I think I mentioned this already: Microsoft expands 'multibillion dollar' deal with OpenAI, creators of ChatGPT.  $10B.  They also just laid off 10,000 people.  That $10B might have paid the salaries of those 10,000 people for 10 years.  But this is clearly strategic, and some of the things Microsoft decided not to keep doing - like AR/VR - are not. 

Fox: California reels from string of mass shootings despite having some of the strictest gun laws in US.  So, we need even more laws, right? 

Jeremy Clarkson: We're in the midst of a coup. Who the hell’s behind it?  Huh. 

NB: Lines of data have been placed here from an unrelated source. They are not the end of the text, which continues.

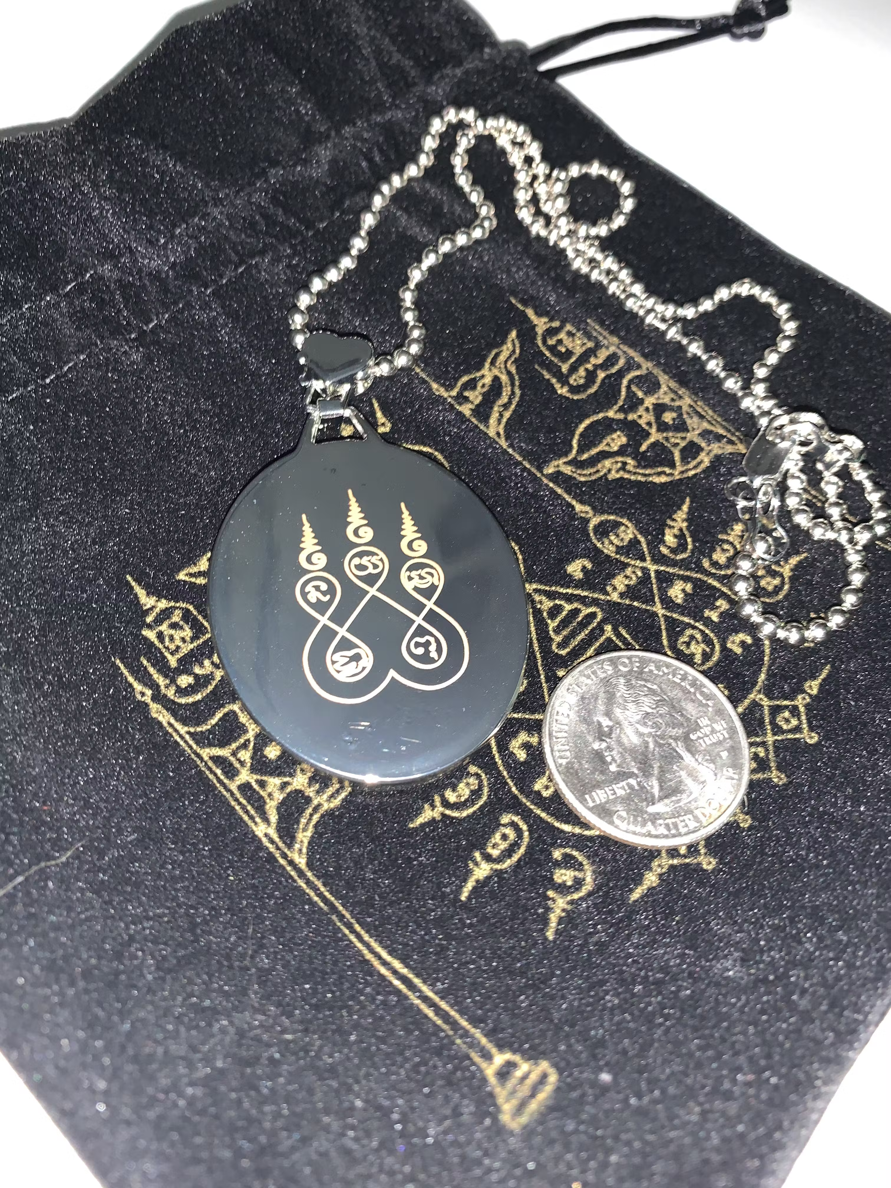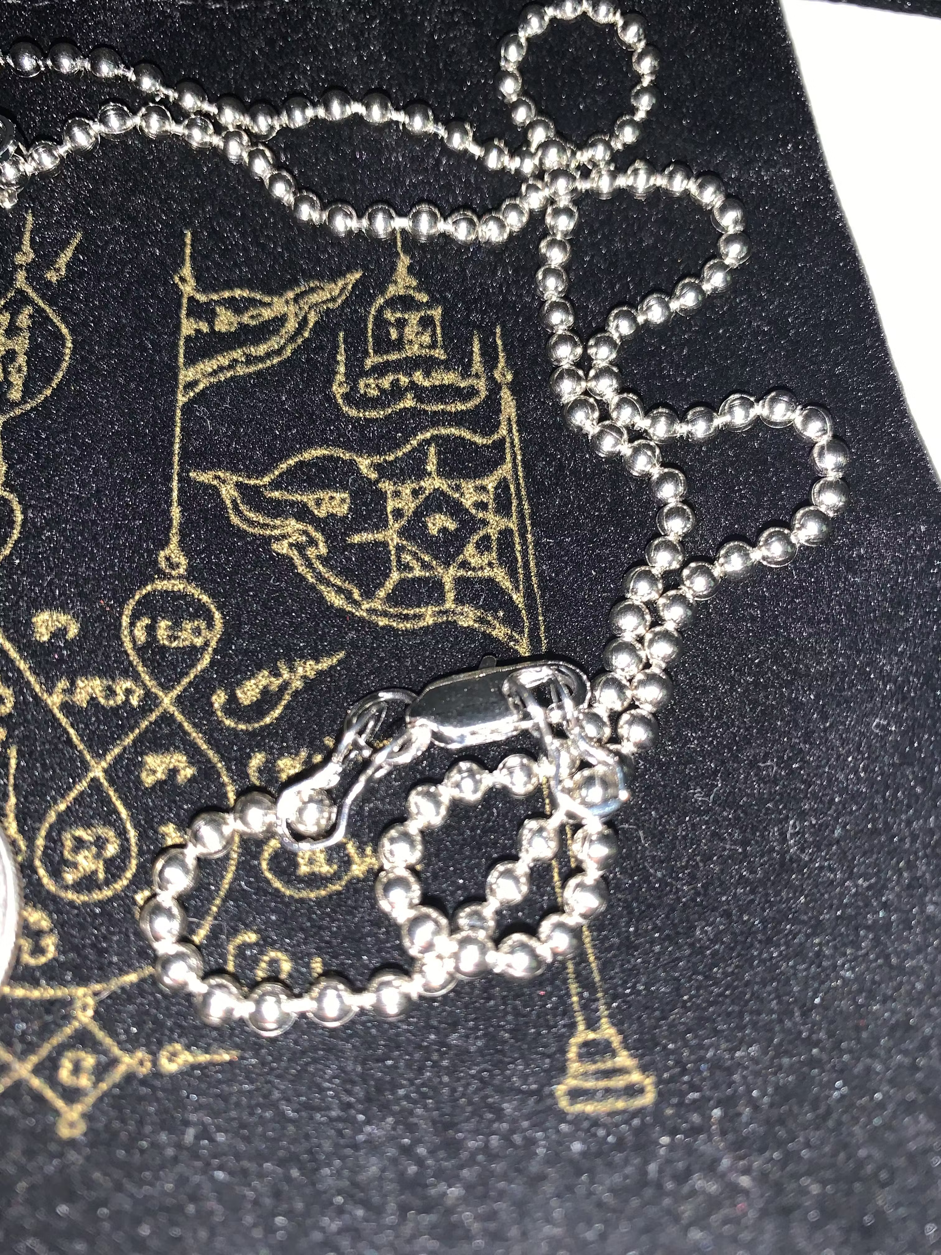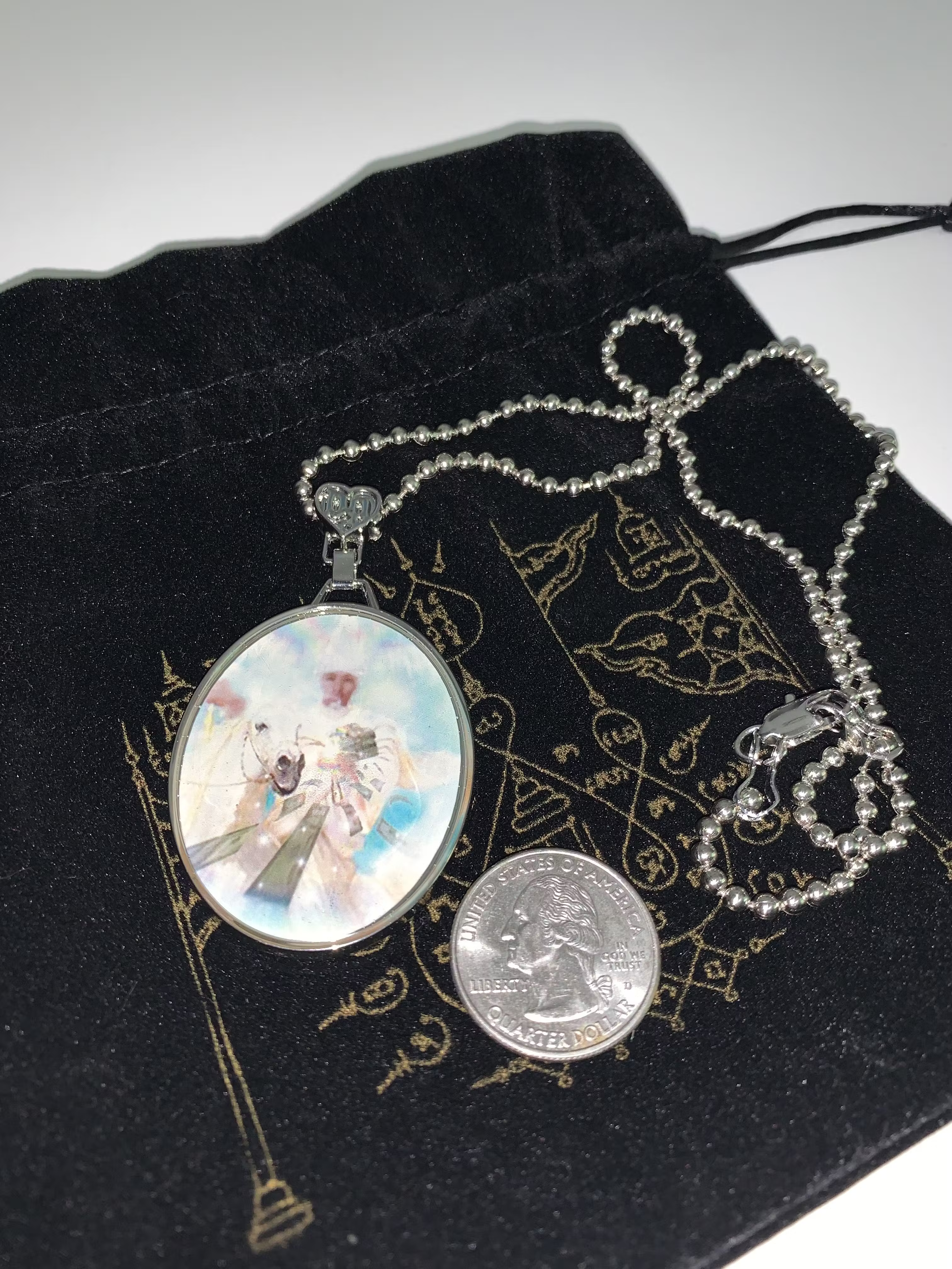 Came in a black dust bag. Zinc-alloy pendant with clear resin coating and laser engraved backside. Brass ballchain, lobster claw clasp. 500mm.
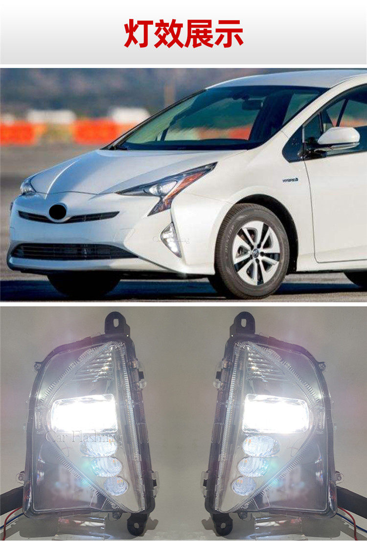 Применимо к Toyota 16-18 Prius Prius Rid Daily Lights Front Fog Lights, чтобы повернуть лампы в дневные приводные огни
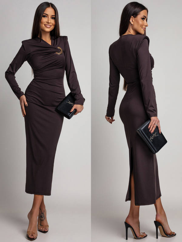 ELEGANCKA DOPASOWANA SUKIENKA MAXI Ashley czekoladowa
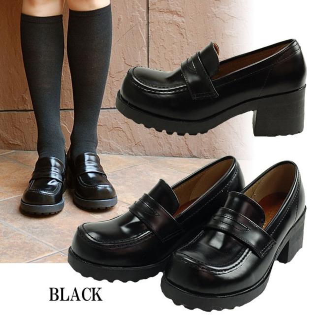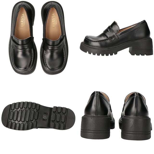 ローファー おでこ 学生 レディース 歩きやすい 疲れない 履きやすい 痛くない 厚底 ヒール 軽量 柔らかい おでこローファー 黒 ブラック おしゃれ かわいい 中学生 高校生 通学 普段履きシューズ 靴 6MK
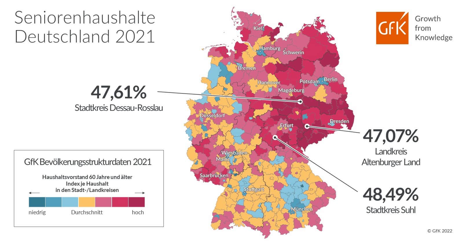 Laut der aktuellen-Studie der Gesellschaft für Konsumforschung (GfK) zu den Bevölkerungsstrukturdaten für Deutschland ist der Anteil an Haushalten, in denen der Hauptverdiener 60 Jahre oder älter ist, in ländlichen Gebieten und vor allem im Osten am höchsten.
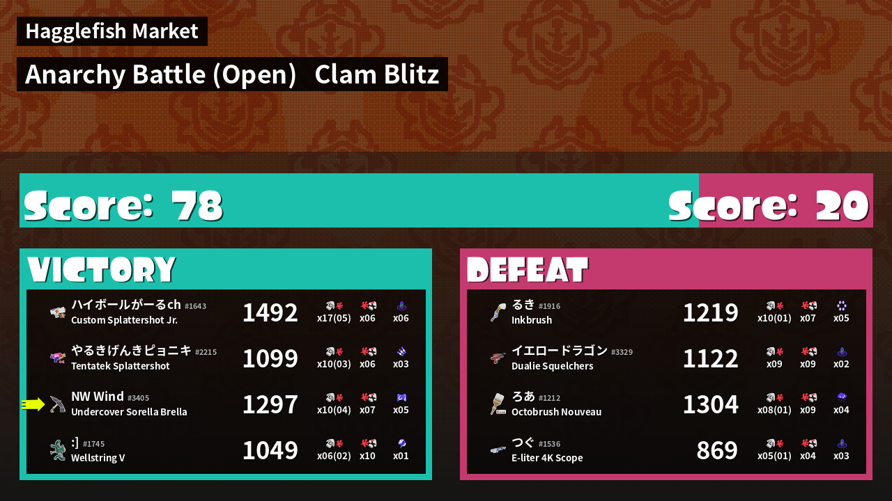 | Mode | Clam Blitz - Anarchy Battle (Open) | ||
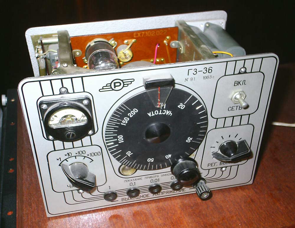 Генератор сигналов низкочастотный *Г3-36* выпускался с 1963 года Великолукским радиозаводом. Генератор *Г3-36* представляет собой портативный источник синусоидальных электрических колебаний звуковых и ультразвуковых частот. Генератор предназначен для, настройки, регулировки и испытания НЧ каскадов радиоаппаратуры в лабораторных и производственных условиях. Имеется регулировка выходного напряжения, контролируемая индикатором. Диапазон частот 20...200000 Гц. Выходное напряжение на нагрузке 600 Ом до 5 В. Коэффициент гармоник 2%. Питание от сети. Потребляемая мощность 7 Вт. Габариты прибора 260х230х165 мм. Масса 5 кг. В 1967 году генератор претерпел 1-ю модернизацию, а в конце 70-х вторую, после чего генератор стал именоваться как *Г3-36А*.
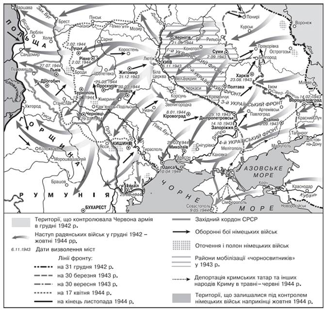 • Нові, невиправдані жертви викликав наказ Сталіна взяти Київ перед 7 листопада до чергової річниці «Великого Жовтня». • На початку травня 1944 р. майже вся Україна, крім маленької смужки земель на заході, була в руках радянської влади. • Примусове виселення майже всього кримськотатарського населення Криму стало однією з найшвидше проведених депортацій в історії людства.
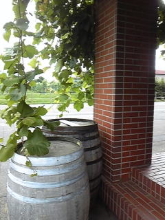 レンガと木の樽とブドウの木。
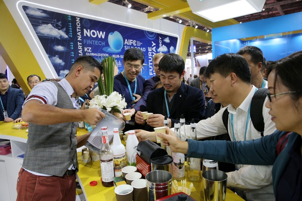 2019年11月6日,在上海進博會哈薩克斯坦國家館,調(diào)酒師為參觀者分享雞尾酒。

Brad Feld reviews Please report your bug here.  "I hope there are a lot more books like this. It balances startup stuff with the cynicism of the experience while placing it in a fictional world. It unexpectedly merges with believable near-term science fiction, which has a delicious parallel universe theme."  Sounds excellent, on the list! 


Dilbert gives relationship advice.  Hmmm... 

Interesting, from the Financial Times: We tried to run a social media site and it was awful.  They put up a Mastodon server and it was a lot of work.  And also, the legal, security, and reputational risks.  

Yet another reason, if any were needed, why I'd rather not host comments here.

Erik Sink continues his investigation into "native AOT" for .NET.  This time he considers storage allocation and objects.  Once again we see how much easier it is to have managed code and garbage collection :) 

Meanwhile, Tim Bray releases Quamina, an open-source pattern-matching library.  Glad to see he's keeping busy :) 

From the pages of history: Gorbachev and Louis Vuitton.  "Can there be any doubt who won the cold war?